La Filosofia Immortalista

Si può dire che ci siano due tipi di contesto: uno favorisce l’integrazione, l’altro porta la depressione (in quanto considera certe cose negative o sbagliate). In questa parte discuteremo il contesto in cui vengono osservate la vita e la morte.
Chi considera la propria vita in un contesto integrativo trova facile e naturale prendersi la responsabilità di tutto ciò che gli succede.
Chi considera la propria vita in un contesto negativo si ritiene una vittima.
Queste tendenze si estendono e includono gli atteggiamenti personali sulla morte.
Per una persona il cui atteggiamento fondamentale nei confronti della vita consiste nel considerarsi una vittima, è naturale dare per scontato che la morte sia inevitabile, e che sia programmata in ogni cellula del corpo.
Per questa ragione chiameremo questo tipo di atteggiamento ‘mortalista’.
Per una persona che gioisca della vita e che si prenda le proprie responsabilità per quello che le succede, è naturale ritenere che la morte, in qualsiasi momento arrivi, sia risultato di un desiderio conscio inconscio di morire. Siccome questo tipo di persone ritengono che la morte sia una scelta, e non necessariamente inevitabile, ci riferiremo esse come ‘immortalisti’.
Il sistema di contesti che deriva dall’idea che la morte sia il frutto di una scelta è conosciuto col termine di ‘filosofia immortalista’, ed è in pieno accordo con la filosofia stessa dell’integrazione.

La morte come scelta

Adottare la filosofia immortalista significa accettare che sia possibile ottenere la completa padronanza del proprio corpo e del proprio destino, e poi fare del proprio meglio per ottenerla.
Non c’è vantaggio degno di nota nell’idea che si debba morire, che lo si voglia o no.
Similmente, non c’è svantaggio degno di nota nel tenere aperta la possibilità di poter ottenere la completa padronanza sul proprio corpo e sulla propria vita.
Si tratta semplicemente di una scelta personale su ciò che si pensa.
La gente pensa di dover morire e muore da secoli ormai, e sembra che per molti vada bene così.
Per il lettore che contempli le idee che costituiscono la filosofia immortalista, a questo punto non fa differenza se l’immortalità fisica si possa davvero ottenere.
Non affermiamo infatti di offrire la vita eterna: quello che offriamo è un’alternativa all’idea che si debba per forza morire.
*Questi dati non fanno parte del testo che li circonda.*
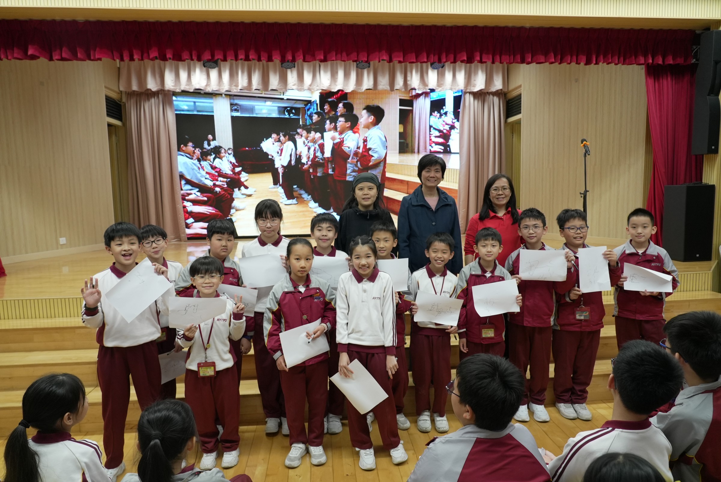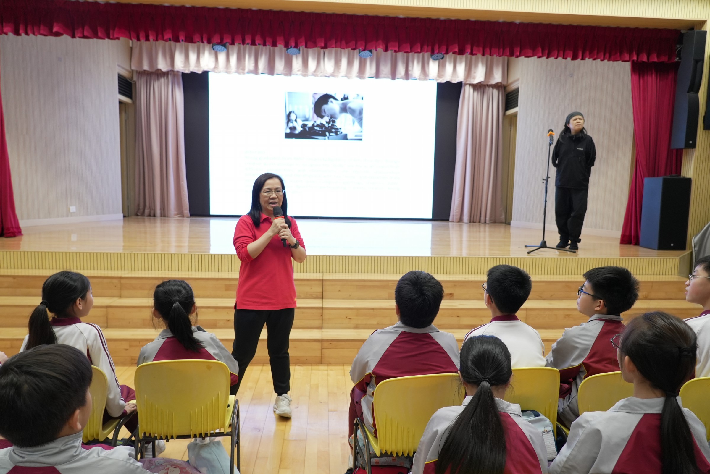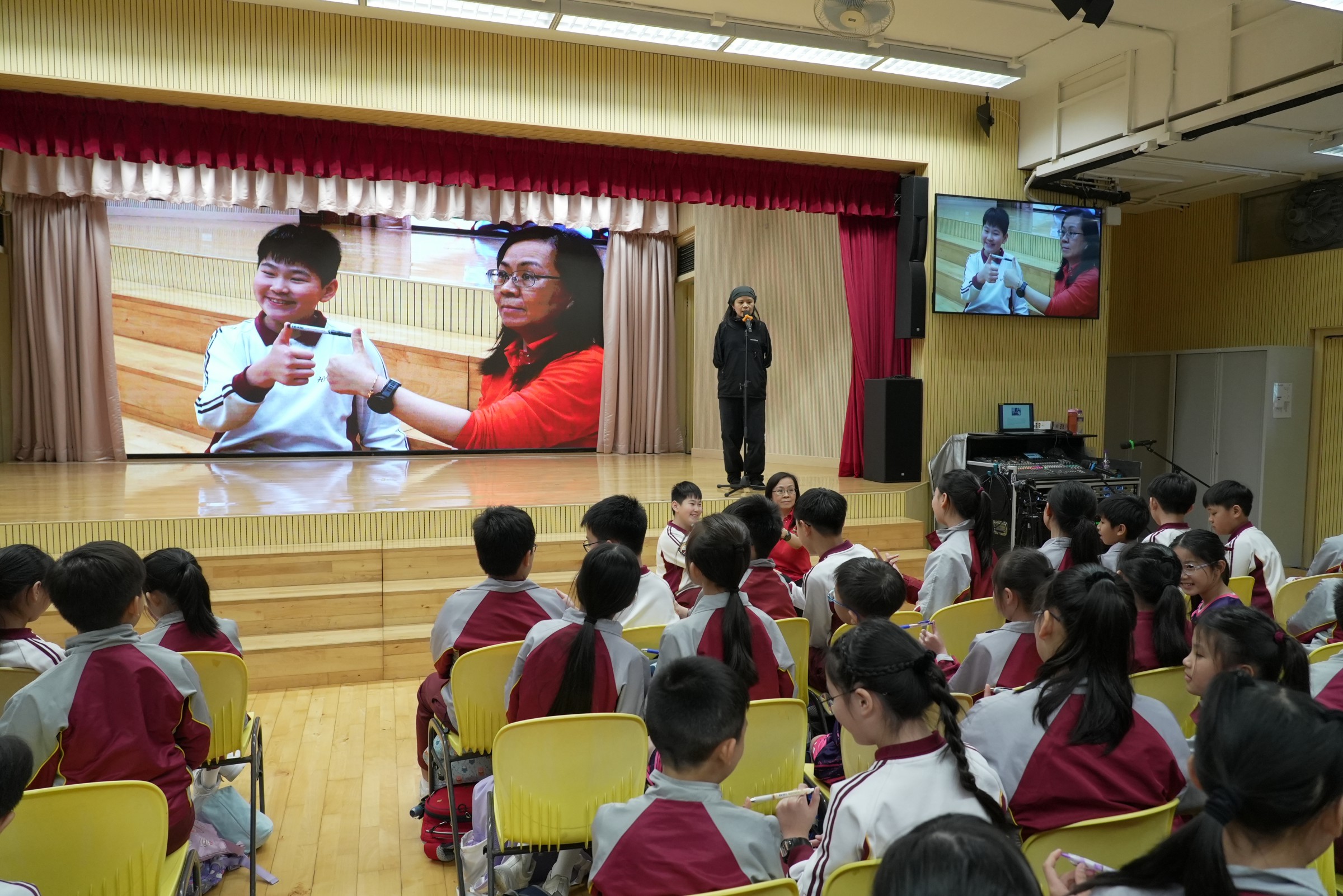 本校於3月9日11日邀請楊小芳小姐到校為全校學生舉行「《足以自豪》運動員及藝術家楊小芳小姐分享會—芳夢飛翔」,透過其成長經歷,包括:因8歲遇上一次意外引致失去雙手的經過、克服接受醫療的過程、在香港讀書的經歷、從小父母親鼓勵學會照顧自己、面對日常生活的挑戰、接受專業運動的訓練代表香港出戰亞洲運動會和用雙腳開啟藝術創作的經歷等,鼓勵學生積極面對人生。透過體驗活動,學生除了可以感受限制雙手活動的困難外,更學會與人合作和團結的重要。為表達感謝楊小芳小姐到校分享豐富珍貴的人生經驗,展現堅毅和正能量,四至六年級學生獻唱綜藝表演會主題歌曲(Spark of Me),並配以兩位六年級學生用結他及木箱鼓伴奏,以生命影響生命,場面十分感動,學生也獲益良多。
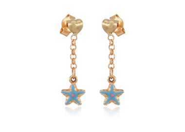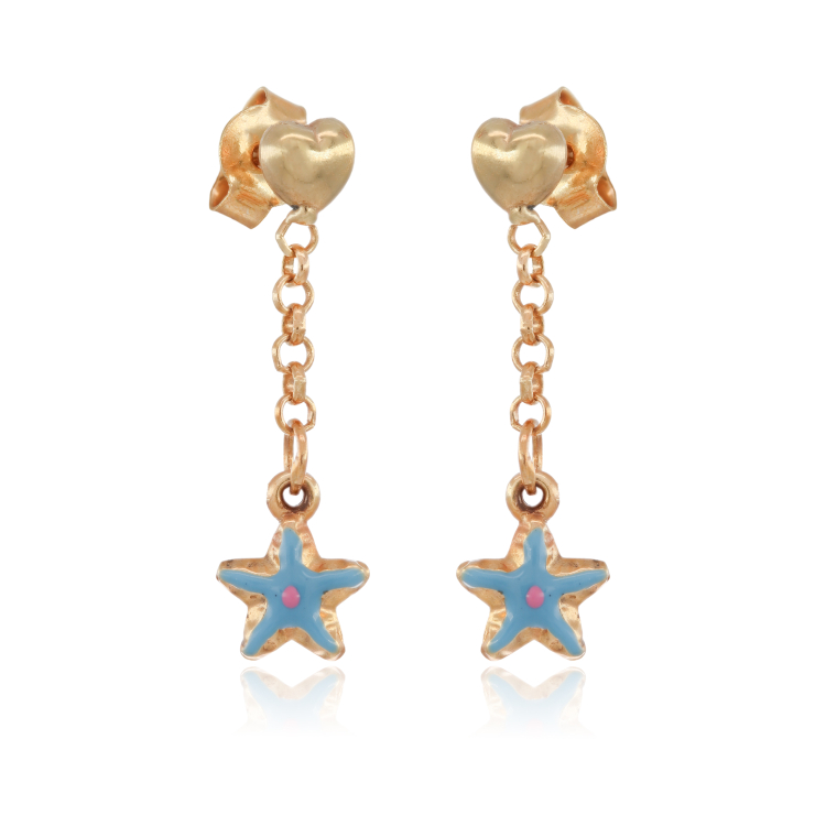 Χρωματιστά παιδικά σκουλαρίκια καρφωτά από λευκό χρυσό 14 καρατίων δεμένα με αλυσίδα και αστερίες με γαλάζιο και ροζ σμάλτο.

Non affermiamo infatti di offrire la vita eterna: quello che offriamo è un'alternativa all'idea che si debba per forza morire.

L’idea è che anche se poi si finisce per morire, la vita sarà molto più piena e godibile se vissuta partendo dal punto di vista che la vita o la morte sono frutto di una scelta individuale.
O non si muore, o la morte è in qualche modo in qualche punto del nostro futuro: in entrambi i casi non ha nulla a che vedere con la vita che si sta vivendo adesso.
I pensieri sulla morte, tuttavia, hanno molto a che vedere con la qualità della vita nel presente.

Non c'è vantaggio degno di nota nell'idea che si debba morire, che lo si voglia o no.

Capitolo 43

I cinque svantaggi fondamentali del pensare di non avere scelta sulla morte

Ci sono cinque svantaggi fondamentali nel non cambiare idea sul fatto che la morte sia inevitabile e che perciò non si abbia possibilità di scelta in materia. Questi svantaggi giocano un ruolo fondamentale in quasi ogni esempio di sofferenza umana, e sono: paura, senso di impotenza, apatia, limitazioni e autoinganno.

1. Paura

Per la maggior parte delle persone che non hanno elaborato granché sui loro pensieri riguardo alla morte, ci sono probabilmente meccanismi di dualità in contesto negativo che hanno una morte come adattamento coercitivo.

Questo tipo di adattamento è conosciuto come pulsione di morte. Pensare che la morte sia al di là del nostro controllo rende necessario reprimere la pulsione di morte. Il risultato di questa repressione è che non si può fare niente contro la pulsione di morte, per cui tutte le parti della personalità che non vogliono morire saranno in uno stato di costante paura a causa del facile controllo che la pulsione di morte assumente, corpo e azioni. Non solo questa paura rende difficile rilassamento, ma mette un’ulteriore barriera fra persona e la propria mente inconscia. Fintanto che non ci si può prendere la responsabilità della propria pulsione di morte, non la si può integrare, il che lascia solo l’opzione fa paura conscia o inconscia.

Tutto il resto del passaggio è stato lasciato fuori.